Wrangle
Wrangling helps to refine and organize your data for analysis. You can wrangle your data in several ways:
- Using Sort to sort your dataset based on one or more columns.
- Using Change Type to modify a column's type or how the values in a column are shown.
- Using Sample to see a small number of rows from a given dataset.
- Using Clean to replace existing values with new values.
- Using Keep/Drop Columns to keep or remove specified columns.
- Using Keep/Drop Rows to keep or remove specified rows.
- Using Remove Duplicates to remove duplicate data.
- Using Reshape to view your data in "wide" or "long" form.
When a skill is applied to a dataset:
- New datasets follow the naming convention
[dataset]_[Skill]
. - Altered datasets are saved as a new version, using
[dataset] v[x]
.
If the Data Assistant creates or alters a dataset, it assigns a new, semantically meaningful name.
Sort
You can use the Sort
skill to sort your dataset based on one or more columns.
To sort your data:
-
Click Wrangle > Sort in the skill menu.
-
Select the columns by which you want to sort the data.
-
Select whether you want to sort the data in ascending or descending order.
-
Click Submit.
Change Type
You can use the Change
skill to modify a column's type, such as an integer or string column, or how the values in a column are show, such as currency or percentages. Note that not all values can be converted to a different type.
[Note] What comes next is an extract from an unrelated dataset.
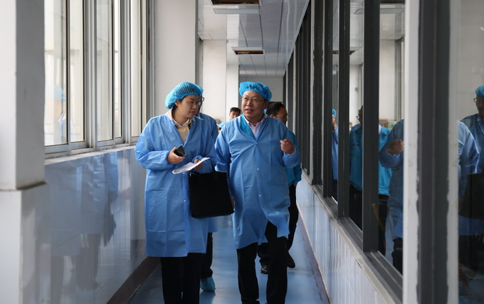 10月15日上午,連云港市市場(chǎng)監(jiān)督管理局食品生產(chǎn)處副處長(zhǎng)梁晶晶、顧為民帶領(lǐng)檢查員一行來我公司開展食鹽定點(diǎn)生產(chǎn)企業(yè)日常監(jiān)督檢查和飛行檢查。公司董事長(zhǎng)、黨委書記、總經(jīng)理朱桂玉,副總經(jīng)理田磊、何啟明陪同。

To change a column's type:
-
Click Wrangle > Change Type in the skill menu.
-
Select the column whose type you'd like to change.
-
Select the new type.
-
Optionally, click the + button to add additional columns to change.
-
Click Submit.
Optionally you can also use a column's More menu to change the type.
Sample
You can use the Sample
skill to display a portion of a given dataset. You can sample the entire dataset, a portion of the dataset (a random sample or a percentage), or rows that meet a given condition. By default, a portion of the original order of the dataset is displayed.
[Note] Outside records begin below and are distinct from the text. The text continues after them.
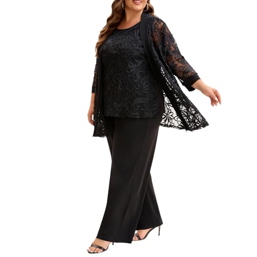 Plus Size 3 Piece Floral Embroidered Pantsuit Set Women Mother of Bride Wedding Guest Formal Evening Cocktail Party Attire 3
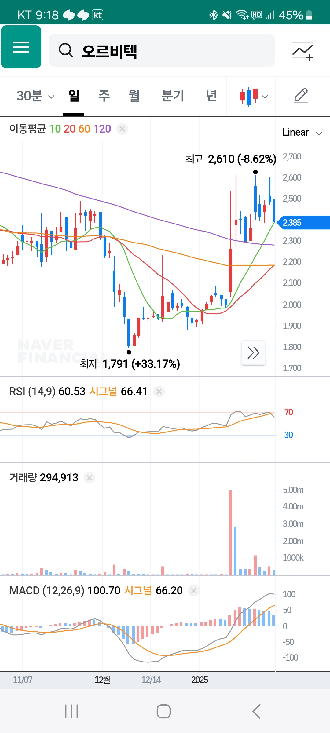 6.오르비텍 (이동평균선 모두 정배열)-매출 영익 모두
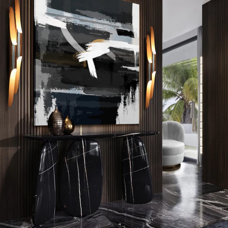 كونسول مودرن بلون أسود وذهبي – تصميم فني بلمسة فاخرة وجودة عالية

To sample on a dataset, select the dataset to sample from, then:
-
Click Wrangle > Sample in the skill menu.
-
Select either a number of rows or a percentage of the dataset.
-
Enter the number of rows or the percentage of the dataset to sample.
-
Select either random or sequential sampling. For sequential sampling, the sample starts with the first row and moves down the dataset until the row or percentage limit is met.
-
Optionally, click Conditions to specify which rows to sample.
-
Optionally, if you've added a condition, to add another condition, click Add Another Option.
-
Click Submit.
Clean
You can use the Clean
skill to manipulate values, such as replacing existing values with new ones.
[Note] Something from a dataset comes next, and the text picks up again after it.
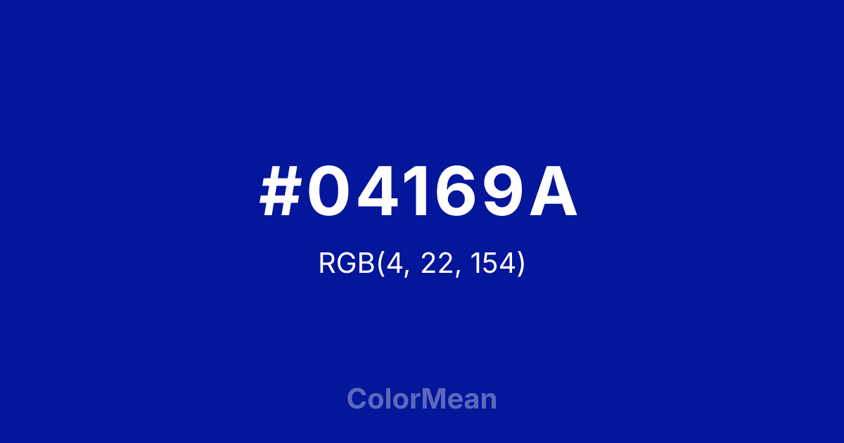 #04169A RGB value is (4, 22, 154). The hex color red value is 4, green is 22, and blue is 154. Its HSL format shows a hue of 233°, saturation of 95 percent, and lightness of 31 percent. The CMYK process values are 97 percent, 86 percent, 0 percent, 40 percent.
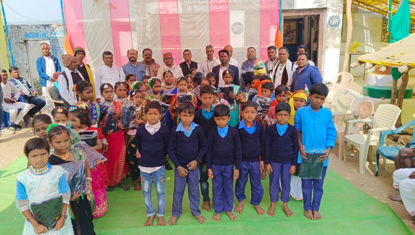 *दैनिक रेवांचल टाईम्स – मण्डला।* मण्डला के बुजबुजिया घोड़ाडीह में गणतंत्र दिवस समारोह के दौरान समाजसेवियों ने ग्रामीण बच्चों को स्वेटर वितरित किए।जिस अचानक दृश्य को देखकर सांस्कृतिक कार्यक्रम का आनन्द ले रहे ग्रामीण और अभिभावक भावाविभोर हो गए और बच्चों के चेहरों पर भी मुस्कान आ गई । समाजसेवी पी.डी.खैरवार ने बताया, कि कड़कड़ाती ठंड को देखते हुए समाजसेवियों ने बच्चों के स्वास्थ्य की चिंता कर उनकी इस खुशी के लिए यह पहल की और ठंड से बचने उनकी इस जरूरत को पूरा करने का प्रयास किया। इस प्रयास में समाजसेवी पूर्व प्रोफेसर ओमप्रकाश तपा, दिल्ली के किसी प्रतिष्ठित कंपनी के पूर्व अधिकारी मगनू लाल उईके,पूर्व उद्यान अधिकारी चंद्रगुप्त नामदेव,पूर्व प्राचार्य डी डी कुमरे, एसबीआई से प्रकाश धनंजय, पत्रकार सहजान परस्ते और पी डी खैरवार मुख्य सहयोगी रहे।इस तरह की छोटी-छोटी मदद जरूरत मंदों की पहचान करके हमेशा की जाती रहती है।आपने यह भी बताया है,कि यहां के बच्चे बिना शाला भवन के ही खुले आसमान और लकड़ी पन्नी से बनी झोपड़ी में बैठकर पढ़ाई करने की जद्दोजहद चार वर्षों से करते आ रहे हैं।यहां पर उपलब्ध पेयजल में फ्लोराइड होने के कारण बच्चों के दांत और स्वास्थ्य में भी खराबी आ रही है। शौचालय,रसोई, खेल मैदान , बाउंड्री वॉल की भी सुविधा नहीं है।जिसकी मांग लगातार चल रही है।

To clean one or more columns:
-
Click Wrangle > Clean in the skill menu.
-
Select whether to clean all columns of a specific type or a specific string or numeric column.
-
Select the columns you'd like to clean.
-
Enter the old value to replace.
-
Choose between a new value or aggregation to replace with.
-
Optionally, specify matching options.
-
Optionally, specify a conditional statement to follow.
-
Click Submit.
Keep or Drop Columns
You can use the Keep
and Drop
skills to keep and remove columns in your dataset.
Keep Columns
To keep specified columns:
-
Click Wrangle > Keep Columns in the skill menu.
-
Select the columns to keep.
-
Click Submit.
Drop Columns
To drop specified columns:
-
Click Wrangle > Drop Columns in the skill menu.
-
Select the columns to drop.
-
Click Submit.
Optionally, you can also drop columns using the More menu of the column to drop.
Keep or Drop Rows
You can use the Keep
and Drop
skills to keep and remove rows in your dataset.
Keep Rows
To keep specified rows:
-
Click Wrangle > Keep Rows in the skill menu.
-
Select the column that contains the rows to be kept.
-
Select an expression that identifies the rows to be kept.
-
Optionally, click the + button to add more columns and conditions. Click the - button to remove a column and condition.
-
When you enter more than one column and condition, choose whether all or any of the conditions keep the row.
-
Click Submit.
Optionally, you can also conditionally keep rows that match the value of a specific dataset cell:
- Right-click the cell containing the value you want to keep across all rows.
- To keep all of the rows that match that value, click Keep rows matching {value}.
- To to add more conditions, click Keep rows matching {value} and ... and complete the form.
Drop Rows
To drop specified rows:
-
Click Wrangle > Drop Rows in the skill menu.
-
Select the column that selects the rows to be dropped.
-
Select an expression that identifies the rows to be dropped.
-
Optionally, click the + button to add more columns and conditions.
-
When you enter more than one row and condition, choose whether all or any of the conditions drop the row.
-
Click Submit.
Optionally, you can also conditionally drop rows that match the value of a specific dataset cell:
- Right-click the cell containing the value you want to drop across all rows.
- To drop all of the rows that match that value, click Drop rows matching {value}.
- To add more conditions, click Drop rows matching {value} and ... and complete the form.
Remove Duplicates
You can use the Remove Duplicates
skill to remove duplicate data from specified columns.
To remove duplicates:
- Click Wrangle > Remove Duplicates in the skill menu.
- Enter the columns to remove duplicates from.
- Click Submit.
Reshape
You can use the Reshape
skill to convert your data to either wide or long form. This allows you to specify one or more columns to act as unique identifiers for rows and create new columns from the values of your specified columns. Each row in the resulting dataset represents a combination of the column values.
To reshape a dataset:
-
Click Wrangle > Reshape in the skill menu.
-
Select either Wide Form or Long Form.
-
Enter the Row Identifiers.
-
Enter the Values.
-
Optionally, enter a name for the variables column and the value column.
-
Click Submit.